Have you already talked to pikiware themselves? It may be something they could do for you.


----------



## nuttybar2000 (Oct 8, 2008)

i contacted them yesterday and today .. via this website also my own website ..
they just seem to be taking ages to reply :
times money so they say ...


----------



## SBEMedia (Jun 26, 2008)

Colin, in the Pikiware system when you are changing the html there's a check box than you can click which will re-set the system back to its default settings. It can be found on the page which you were trying to customize.

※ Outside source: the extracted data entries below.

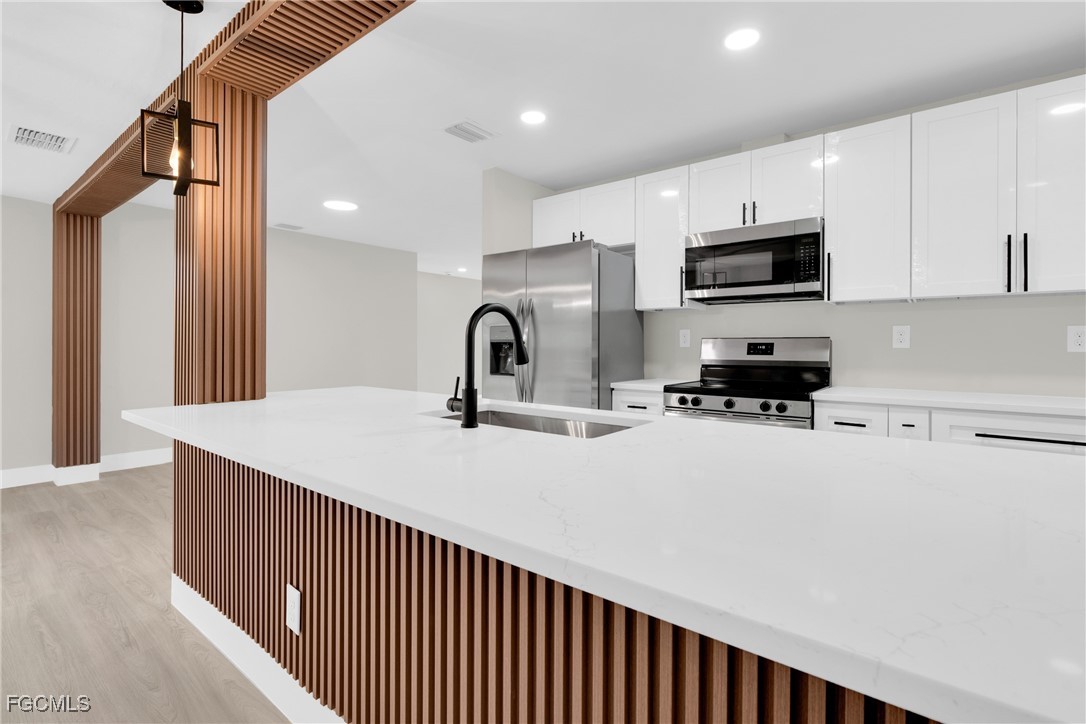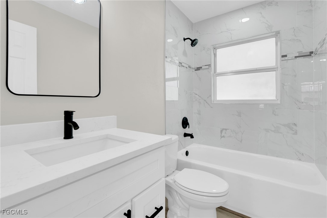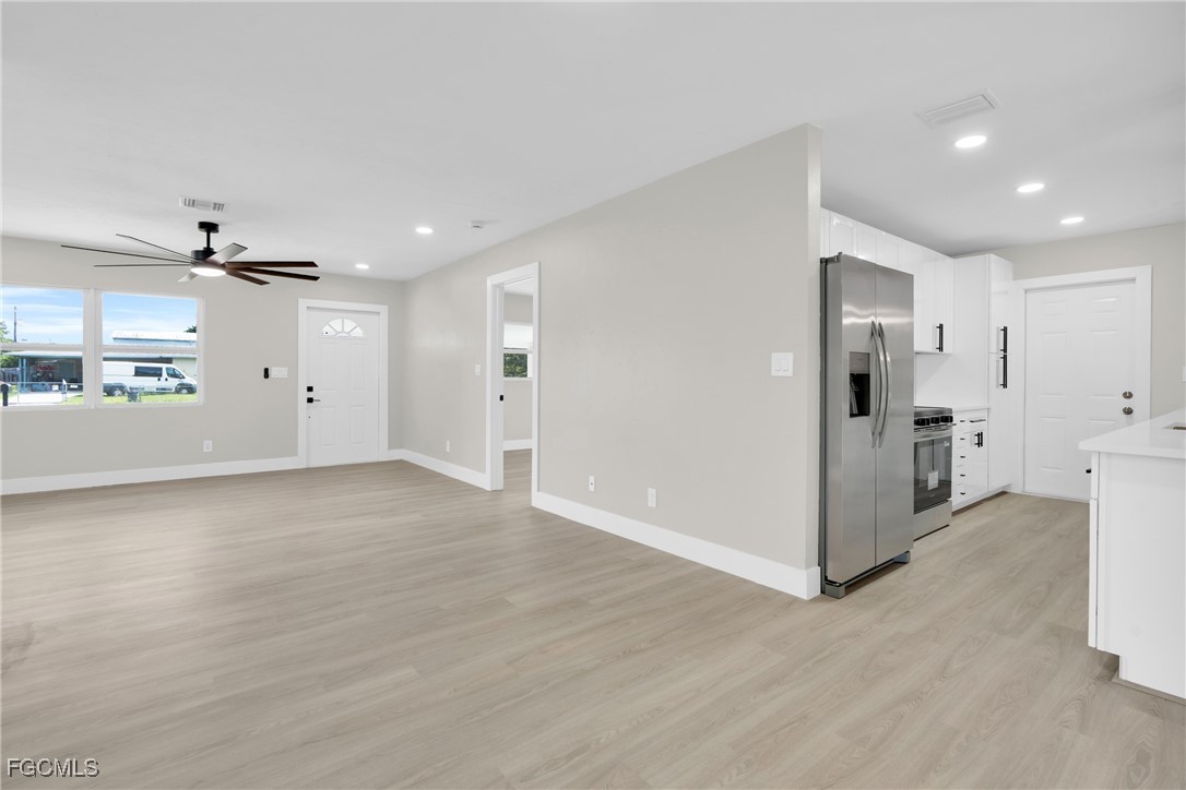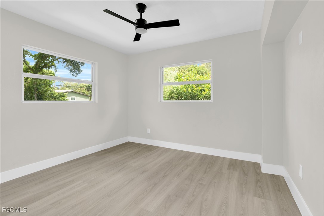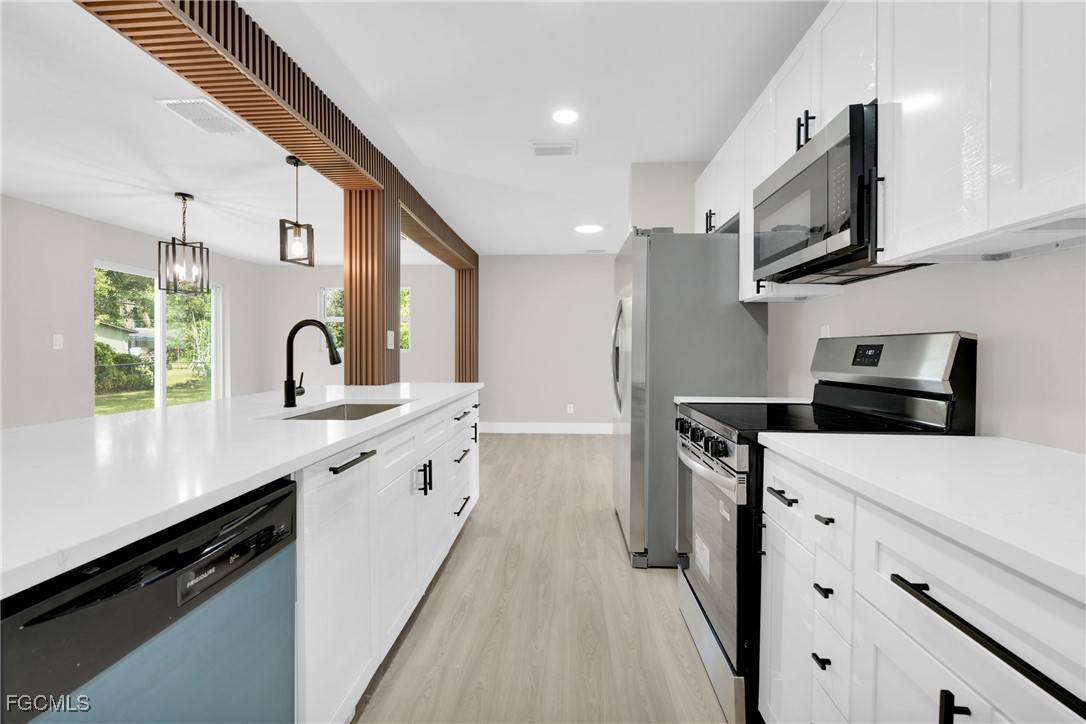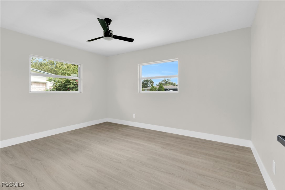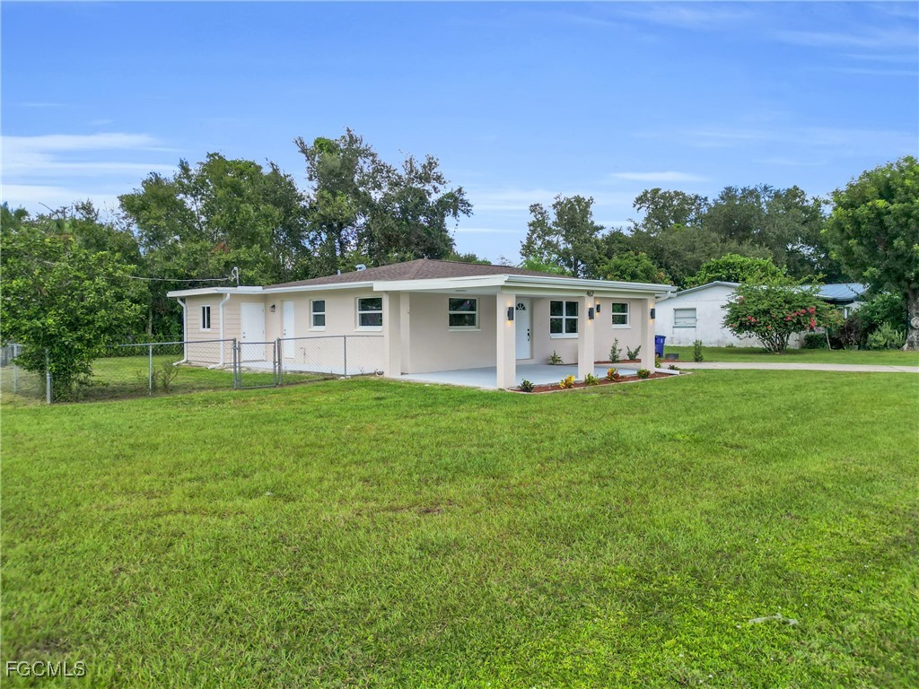 Welcome to a beautifully renovated home nestled in a quiet, established neighborhood in Fort Myers.This move-in-ready residence seamlessly blends modern upgrades with timeless charm, offering the perfect retreat for families, first-time buyers, or savvy investors. Step inside to find a bright, open-concept living space featuring fresh paint, luxury wood plank tile flooring, and abundant natural light throughout. The brand-new kitchen is a true showstopper—complete with custom cabinetry, quartz countertops, well equipped with brand new stainless steel appliances, and stylish column with panel decor. Whether you're cooking or entertaining, this space is designed to impress! On the exterior, situated in a large corner lot, New paint on the exterior, brand new lighting fixtures, brand new impact windows, On the patio you'll find a generously sized backyard fenced—ideal for outdoor living, weekend BBQs, or even a future pool. The home offers 3 spacious bedrooms and 2 updated bathrooms with modern fixtures and finishes. Enjoy peace of mind with recent upgrades including a new roof, electrical, and plumbing. A separate laundry room with new water heater, lighting and hurricane impact windows throughout the whole house. There is no flood insurance required, Not in a flood zone. NO HOA or restrictions. This is the perfect home for a family with tons of space.Conveniently located just minutes from I-75, downtown Fort Myers, shopping, dining, and Gulf Coast beaches, offers the best of Florida living in a fully updated package.
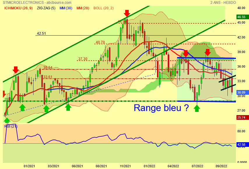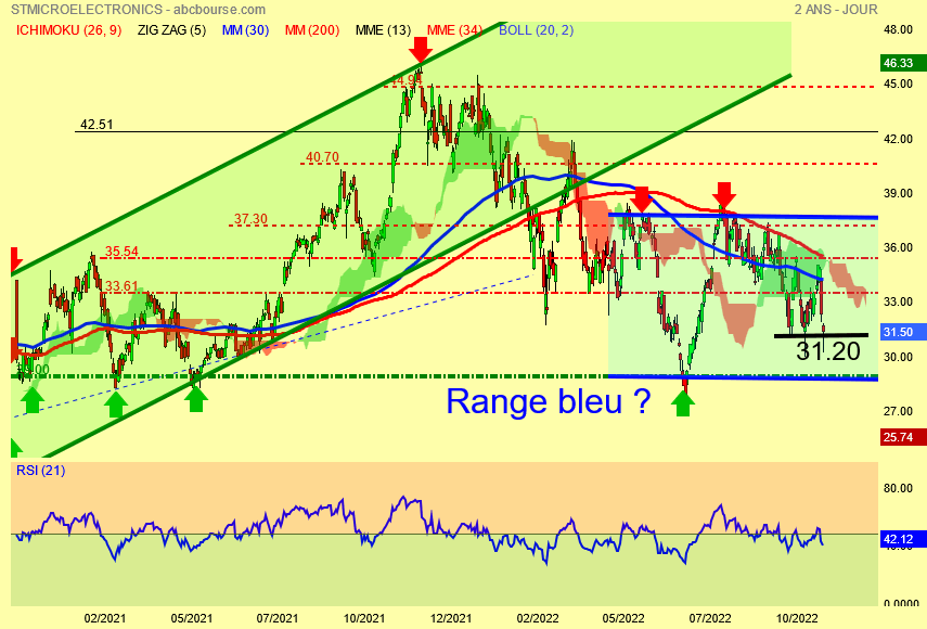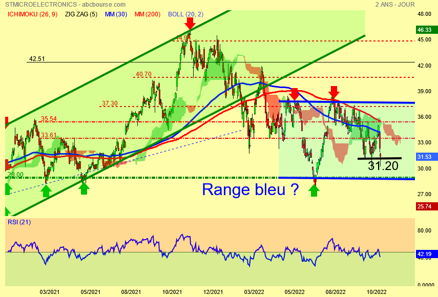 5 semaines que le cours est dans un nouveau range 31.20 - 33.85 € à l' intérier du grand range 38 - 29 €
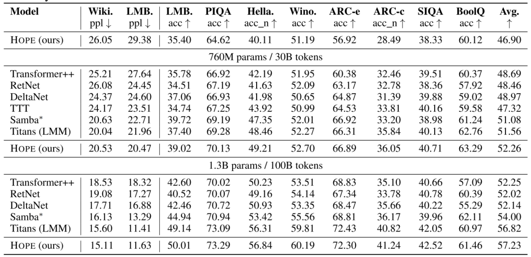 表1 HOPE 与基线模型在语言建模及常识推理任务上的性能表现(带 * 标注的为混合模型)
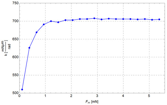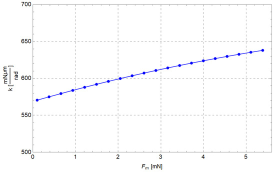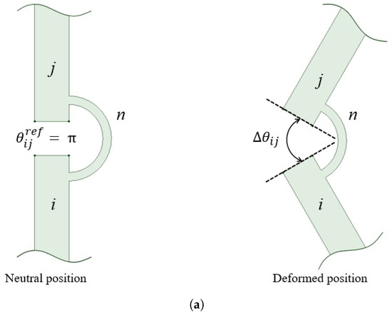 In Equation (3), is calculated by making reference to the rotation angles that apply to the revolute hinges of the Pseudo Rigid Body Mechanism (PRBM) for a given configuration. Hence, considering the total energy absorbed by the revolute joints (equipped with a torsional spring k ), it is assumed that , with
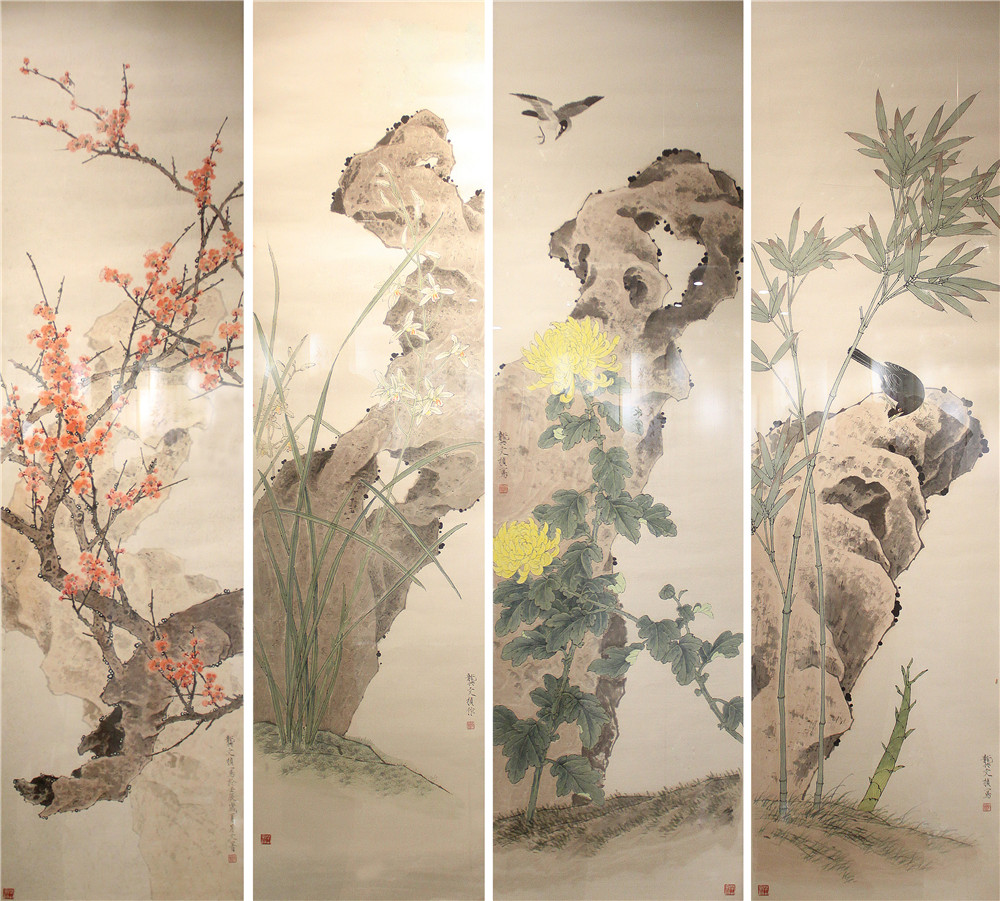 摇兰竹菊四条屏 150×41cm×4

Also if you need more help with correct html settings go to www.w3schools.com its a great tool and most importantly its free


----------



## nuttybar2000 (Oct 8, 2008)

thanks for your help.. but i cant find the page i changed it on 
... the problem is if anyone goes to the add to cart button ,, then there are 4 steps to complete the purchase.. but it wount allow the buyer beyond step 1..
i know its not my laptop.. because it does the same on my pc...
also it shows the 4 steps in a bright pink strip across the webpage...

<----- not sure if i am allowed to show my web address here ..


----------



## SBEMedia (Jun 26, 2008)

PM me your website and I'll take a look and see if I can't help fix your problem


----------